Look below for the line that has "Cozy pink mittens". Set down the lines from there through the line that has "3、然后,在迅捷PDF转换器", exactly as written.

**DATA SHOWN**
********

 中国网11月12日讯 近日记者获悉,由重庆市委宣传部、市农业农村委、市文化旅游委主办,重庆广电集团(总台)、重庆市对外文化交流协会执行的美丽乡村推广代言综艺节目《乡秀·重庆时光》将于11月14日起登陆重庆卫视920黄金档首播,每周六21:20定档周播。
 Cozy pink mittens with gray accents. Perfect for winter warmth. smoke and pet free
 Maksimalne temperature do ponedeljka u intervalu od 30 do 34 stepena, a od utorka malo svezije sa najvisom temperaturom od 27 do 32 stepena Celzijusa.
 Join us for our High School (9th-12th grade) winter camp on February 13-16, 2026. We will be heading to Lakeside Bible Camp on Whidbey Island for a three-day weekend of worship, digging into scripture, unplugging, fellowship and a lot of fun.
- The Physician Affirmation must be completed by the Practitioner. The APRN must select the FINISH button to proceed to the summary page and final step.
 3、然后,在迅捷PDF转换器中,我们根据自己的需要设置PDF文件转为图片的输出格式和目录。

********

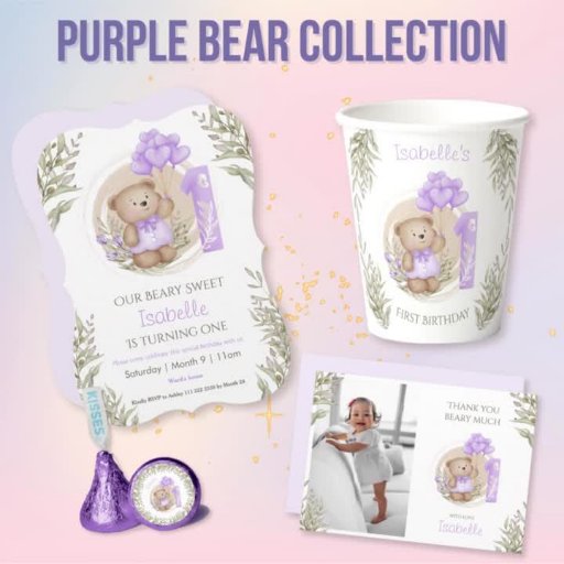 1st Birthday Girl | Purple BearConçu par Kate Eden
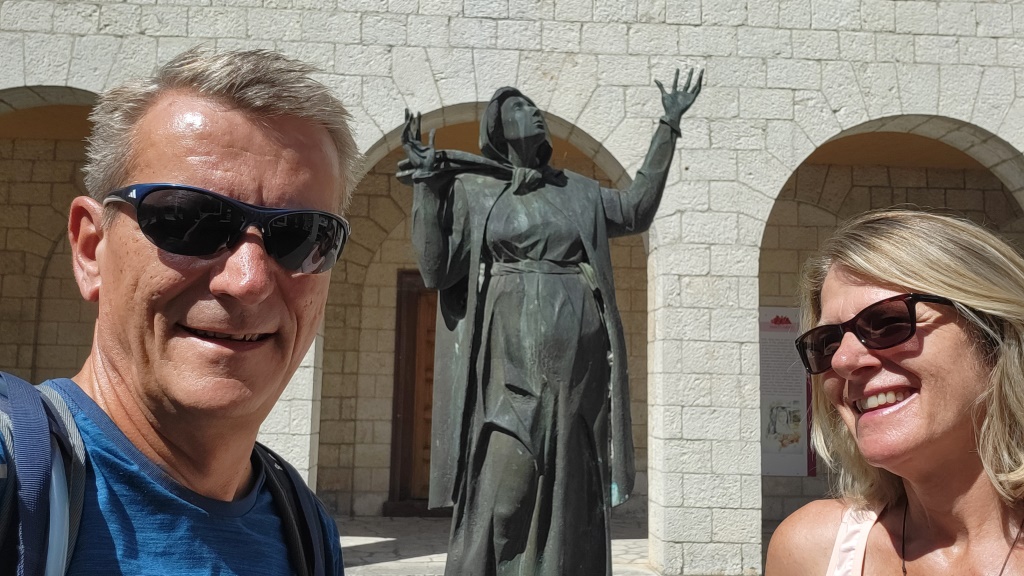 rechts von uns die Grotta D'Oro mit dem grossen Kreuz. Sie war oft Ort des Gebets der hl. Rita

********

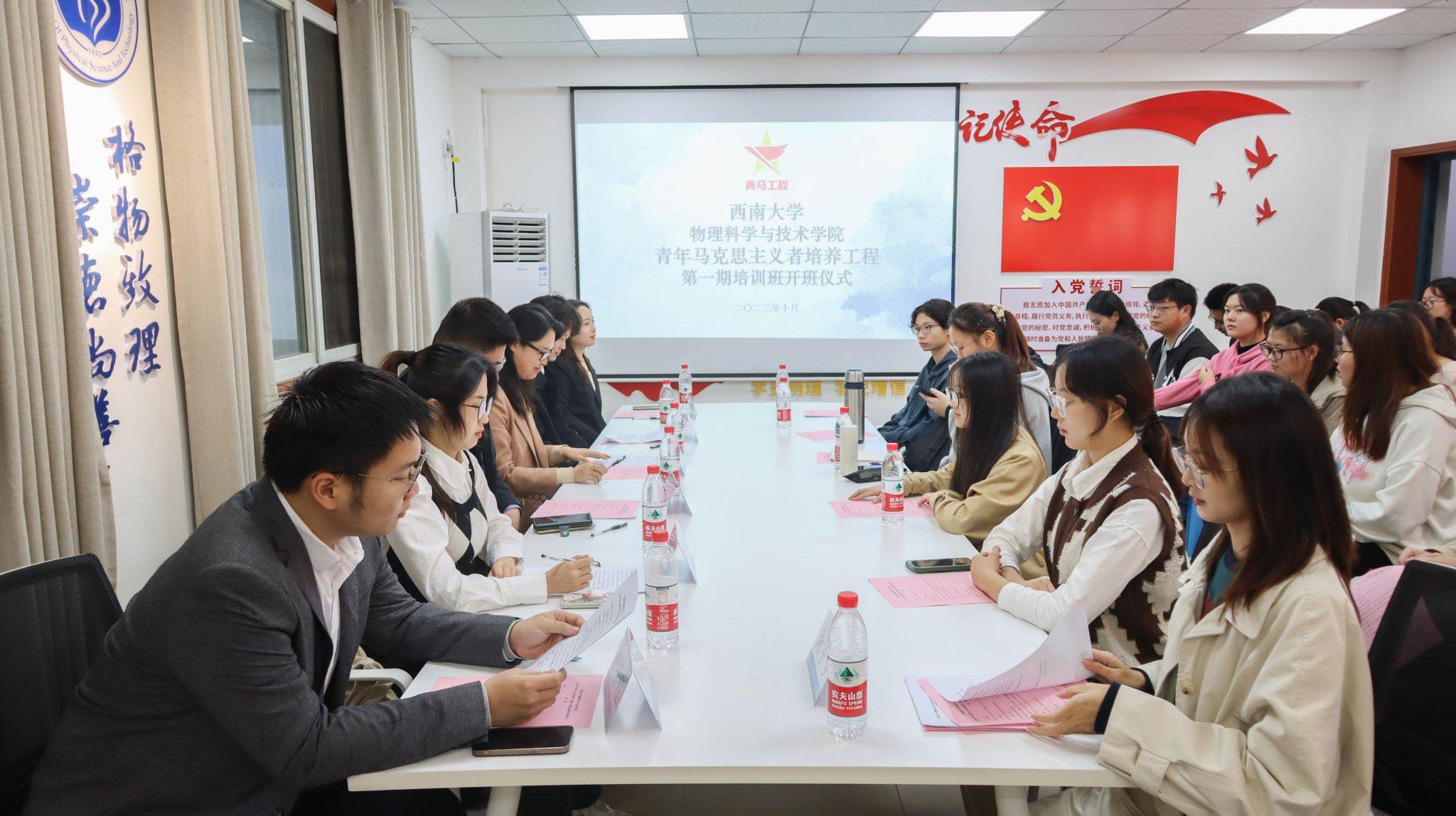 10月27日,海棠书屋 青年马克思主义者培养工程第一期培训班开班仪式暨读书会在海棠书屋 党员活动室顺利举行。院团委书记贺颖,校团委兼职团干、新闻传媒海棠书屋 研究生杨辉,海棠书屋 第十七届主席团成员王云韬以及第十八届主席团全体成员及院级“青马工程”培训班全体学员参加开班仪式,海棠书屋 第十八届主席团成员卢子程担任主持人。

********

**EXERCISE SOLUTION**
 Cozy pink mittens with gray accents. Perfect for winter warmth. smoke and pet free
 Maksimalne temperature do ponedeljka u intervalu od 30 do 34 stepena, a od utorka malo svezije sa najvisom temperaturom od 27 do 32 stepena Celzijusa.
 Join us for our High School (9th-12th grade) winter camp on February 13-16, 2026. We will be heading to Lakeside Bible Camp on Whidbey Island for a three-day weekend of worship, digging into scripture, unplugging, fellowship and a lot of fun.
- The Physician Affirmation must be completed by the Practitioner. The APRN must select the FINISH button to proceed to the summary page and final step.
 3、然后,在迅捷PDF转换器中,我们根据自己的需要设置PDF文件转为图片的输出格式和目录。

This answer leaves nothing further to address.